__Directions__. Retype the entries in full, exactly.

__Data listing__.
▬▬▬▬▬▬▬▬▬▬
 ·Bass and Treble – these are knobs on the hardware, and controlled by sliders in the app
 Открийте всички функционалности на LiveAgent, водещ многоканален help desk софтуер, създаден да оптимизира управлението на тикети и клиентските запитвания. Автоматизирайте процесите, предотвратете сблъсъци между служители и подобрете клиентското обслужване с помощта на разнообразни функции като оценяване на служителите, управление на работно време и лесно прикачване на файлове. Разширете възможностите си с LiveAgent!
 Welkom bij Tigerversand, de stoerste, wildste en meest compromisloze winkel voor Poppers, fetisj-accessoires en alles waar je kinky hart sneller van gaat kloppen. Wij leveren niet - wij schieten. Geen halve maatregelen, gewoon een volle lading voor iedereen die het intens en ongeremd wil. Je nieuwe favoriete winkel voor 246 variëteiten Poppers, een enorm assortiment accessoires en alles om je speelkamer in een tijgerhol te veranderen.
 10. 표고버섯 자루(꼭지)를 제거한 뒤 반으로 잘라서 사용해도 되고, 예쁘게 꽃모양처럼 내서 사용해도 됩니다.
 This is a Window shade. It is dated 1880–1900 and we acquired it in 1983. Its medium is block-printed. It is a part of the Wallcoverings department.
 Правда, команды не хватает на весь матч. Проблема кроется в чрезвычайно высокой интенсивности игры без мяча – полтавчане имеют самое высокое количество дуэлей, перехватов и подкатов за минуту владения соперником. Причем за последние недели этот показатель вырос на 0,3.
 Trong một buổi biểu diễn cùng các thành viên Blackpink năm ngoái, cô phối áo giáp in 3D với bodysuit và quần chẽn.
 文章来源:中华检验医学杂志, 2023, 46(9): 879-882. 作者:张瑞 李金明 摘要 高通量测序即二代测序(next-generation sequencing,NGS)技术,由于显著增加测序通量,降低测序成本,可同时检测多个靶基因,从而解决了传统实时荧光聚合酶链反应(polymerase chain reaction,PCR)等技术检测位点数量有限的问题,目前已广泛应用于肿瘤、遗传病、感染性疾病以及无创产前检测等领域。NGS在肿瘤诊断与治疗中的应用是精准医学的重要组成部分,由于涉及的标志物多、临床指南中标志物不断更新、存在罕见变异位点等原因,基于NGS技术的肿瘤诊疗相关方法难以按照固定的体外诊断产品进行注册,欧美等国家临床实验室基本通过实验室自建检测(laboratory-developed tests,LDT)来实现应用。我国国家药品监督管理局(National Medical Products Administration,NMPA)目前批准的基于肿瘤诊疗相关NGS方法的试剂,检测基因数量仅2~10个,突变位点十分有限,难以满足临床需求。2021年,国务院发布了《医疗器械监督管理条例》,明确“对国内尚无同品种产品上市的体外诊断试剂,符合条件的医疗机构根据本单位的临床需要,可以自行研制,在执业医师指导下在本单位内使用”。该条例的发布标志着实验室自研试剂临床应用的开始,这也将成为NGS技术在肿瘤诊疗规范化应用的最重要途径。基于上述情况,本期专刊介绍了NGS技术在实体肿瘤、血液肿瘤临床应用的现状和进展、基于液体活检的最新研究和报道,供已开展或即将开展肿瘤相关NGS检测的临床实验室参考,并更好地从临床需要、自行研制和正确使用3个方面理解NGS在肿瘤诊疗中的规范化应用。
▬▬▬▬▬▬▬▬▬▬
__Reply__.
 ·Bass and Treble – these are knobs on the hardware, and controlled by sliders in the app
 Открийте всички функционалности на LiveAgent, водещ многоканален help desk софтуер, създаден да оптимизира управлението на тикети и клиентските запитвания. Автоматизирайте процесите, предотвратете сблъсъци между служители и подобрете клиентското обслужване с помощта на разнообразни функции като оценяване на служителите, управление на работно време и лесно прикачване на файлове. Разширете възможностите си с LiveAgent!
 Welkom bij Tigerversand, de stoerste, wildste en meest compromisloze winkel voor Poppers, fetisj-accessoires en alles waar je kinky hart sneller van gaat kloppen. Wij leveren niet - wij schieten. Geen halve maatregelen, gewoon een volle lading voor iedereen die het intens en ongeremd wil. Je nieuwe favoriete winkel voor 246 variëteiten Poppers, een enorm assortiment accessoires en alles om je speelkamer in een tijgerhol te veranderen.
 10. 표고버섯 자루(꼭지)를 제거한 뒤 반으로 잘라서 사용해도 되고, 예쁘게 꽃모양처럼 내서 사용해도 됩니다.
 This is a Window shade. It is dated 1880–1900 and we acquired it in 1983. Its medium is block-printed. It is a part of the Wallcoverings department.
 Правда, команды не хватает на весь матч. Проблема кроется в чрезвычайно высокой интенсивности игры без мяча – полтавчане имеют самое высокое количество дуэлей, перехватов и подкатов за минуту владения соперником. Причем за последние недели этот показатель вырос на 0,3.
 Trong một buổi biểu diễn cùng các thành viên Blackpink năm ngoái, cô phối áo giáp in 3D với bodysuit và quần chẽn.
 文章来源:中华检验医学杂志, 2023, 46(9): 879-882. 作者:张瑞 李金明 摘要 高通量测序即二代测序(next-generation sequencing,NGS)技术,由于显著增加测序通量,降低测序成本,可同时检测多个靶基因,从而解决了传统实时荧光聚合酶链反应(polymerase chain reaction,PCR)等技术检测位点数量有限的问题,目前已广泛应用于肿瘤、遗传病、感染性疾病以及无创产前检测等领域。NGS在肿瘤诊断与治疗中的应用是精准医学的重要组成部分,由于涉及的标志物多、临床指南中标志物不断更新、存在罕见变异位点等原因,基于NGS技术的肿瘤诊疗相关方法难以按照固定的体外诊断产品进行注册,欧美等国家临床实验室基本通过实验室自建检测(laboratory-developed tests,LDT)来实现应用。我国国家药品监督管理局(National Medical Products Administration,NMPA)目前批准的基于肿瘤诊疗相关NGS方法的试剂,检测基因数量仅2~10个,突变位点十分有限,难以满足临床需求。2021年,国务院发布了《医疗器械监督管理条例》,明确“对国内尚无同品种产品上市的体外诊断试剂,符合条件的医疗机构根据本单位的临床需要,可以自行研制,在执业医师指导下在本单位内使用”。该条例的发布标志着实验室自研试剂临床应用的开始,这也将成为NGS技术在肿瘤诊疗规范化应用的最重要途径。基于上述情况,本期专刊介绍了NGS技术在实体肿瘤、血液肿瘤临床应用的现状和进展、基于液体活检的最新研究和报道,供已开展或即将开展肿瘤相关NGS检测的临床实验室参考,并更好地从临床需要、自行研制和正确使用3个方面理解NGS在肿瘤诊疗中的规范化应用。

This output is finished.